How to complete this task ▸
Beneath this line sits some data. Return only its lines from the one holding "传送枫丹廷西南方向锚点,前往蒸汽鸟报社,与托箩莎对话" through the one holding "定番ボトムス合せでも、一歩差", inclusive, exactly, with the images removed.

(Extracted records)

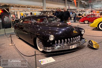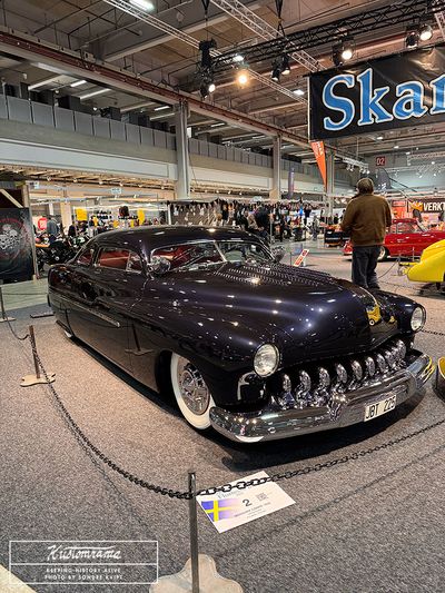 Ulf and Mari Kusendal's 1950 Mercury of Kvissleby, Sweden, is a traditionally styled custom that blends American heritage with Scandinavian craftsmanship. Originally restyled in the United States during the 1960s, the car was later imported to Sweden, where it received a chopped top and further modifications before coming into Ulf’s hands in 2001.[1]
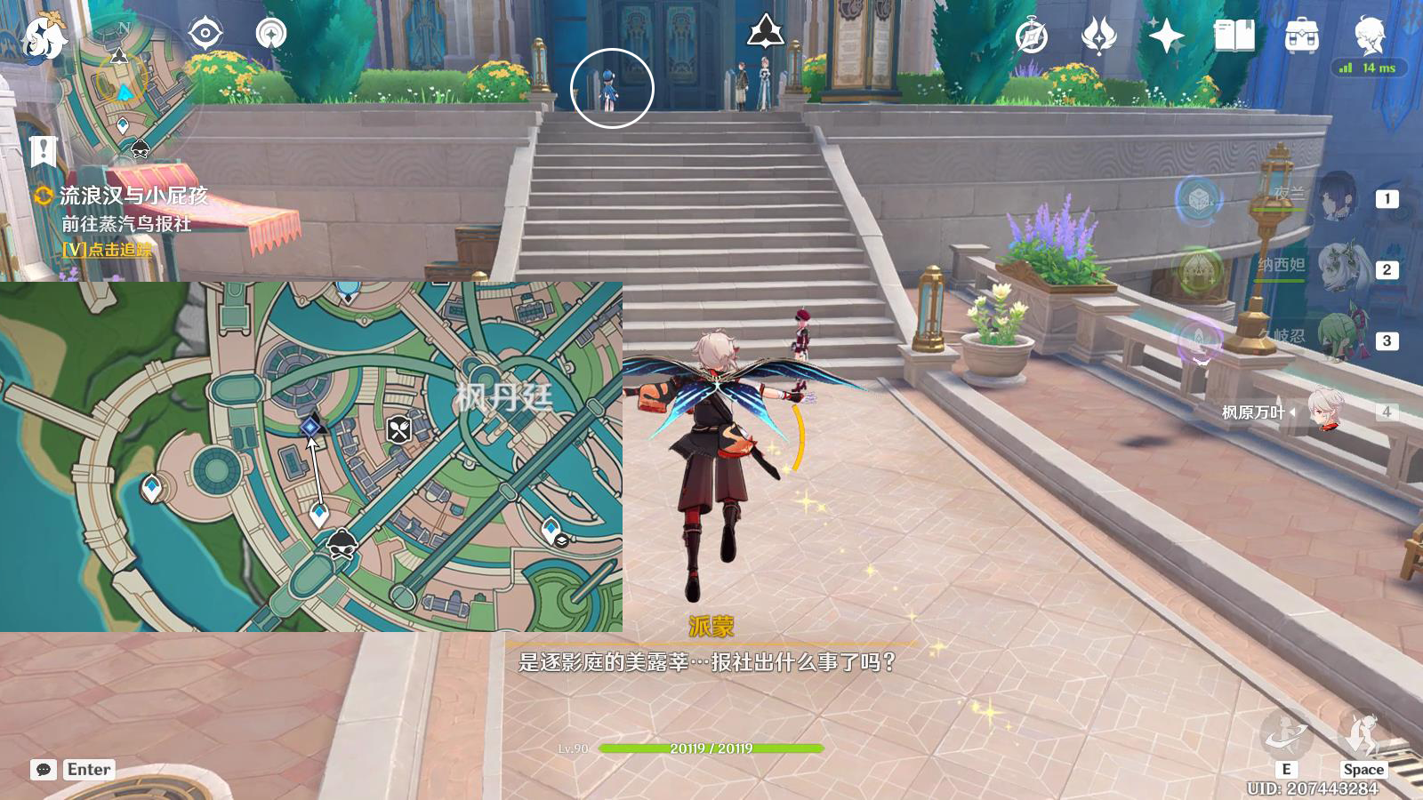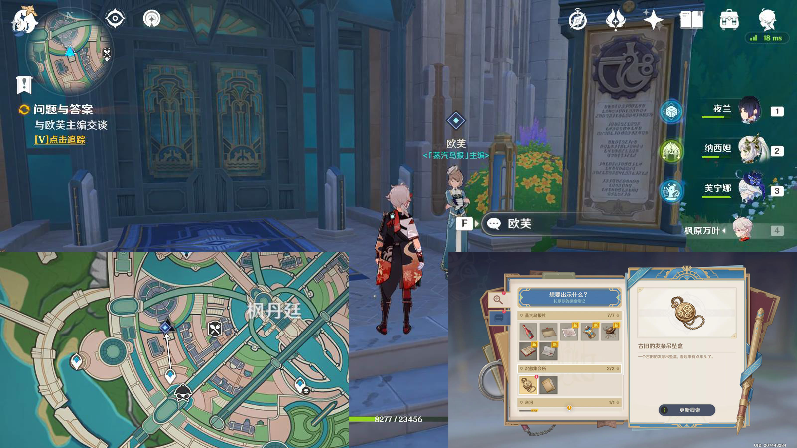 传送枫丹廷西南方向锚点,前往蒸汽鸟报社,与托箩莎对话
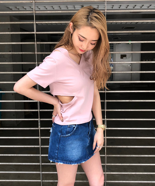 定番ボトムス合せでも、一歩差の付くオシャレが楽しめる小悪魔Tシャツです。 深い襟開きのVラインも、顔周りをシャープに見せヌケのある着こなしをメイク
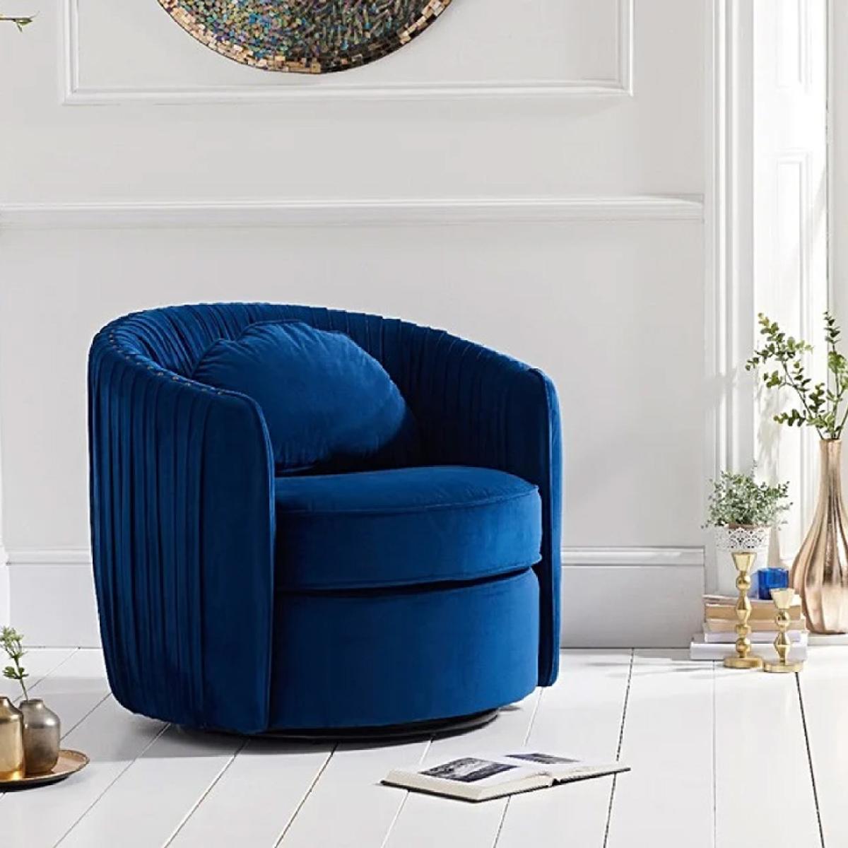I love this blue velvet swivel from the accent chairs category for its rich colour and plush texture, which instantly elevates the vibe of any room. It works well in both modern and traditional interiors, adding a pop of colour without overwhelming the space. Practical styling tips include placing it near a window or reading nook for comfort, and pairing it with neutral tones or metallic accents to balance the bold hue. Because of its rounded, compact shape, it’s perfect for smaller living areas or as an occasional seat in a larger scheme. Pair it with a statement cushion or a small side table to complete the look and make it a functional, stylish focal point.
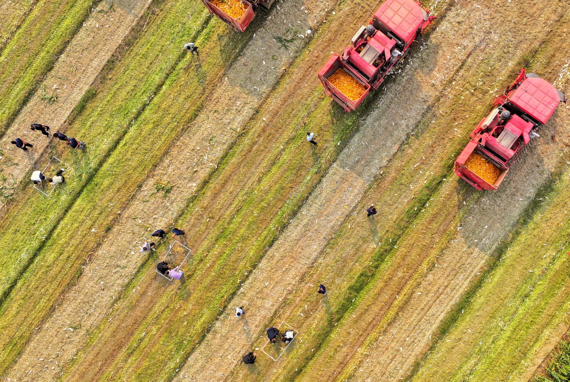 作业结束后,专家测评组迅速进场,通过捡拾框定范围内的玉米落粒、称重,现场测算机收损失率。据了解,本次大比武共划分10个作业区,10名农机手顺序作业,根据损失率的大小决出参赛机手的名次,比赛最终评出一、二、三等奖。

Response to this task ▸
 传送枫丹廷西南方向锚点,前往蒸汽鸟报社,与托箩莎对话
 定番ボトムス合せでも、一歩差の付くオシャレが楽しめる小悪魔Tシャツです。 深い襟開きのVラインも、顔周りをシャープに見せヌケのある着こなしをメイク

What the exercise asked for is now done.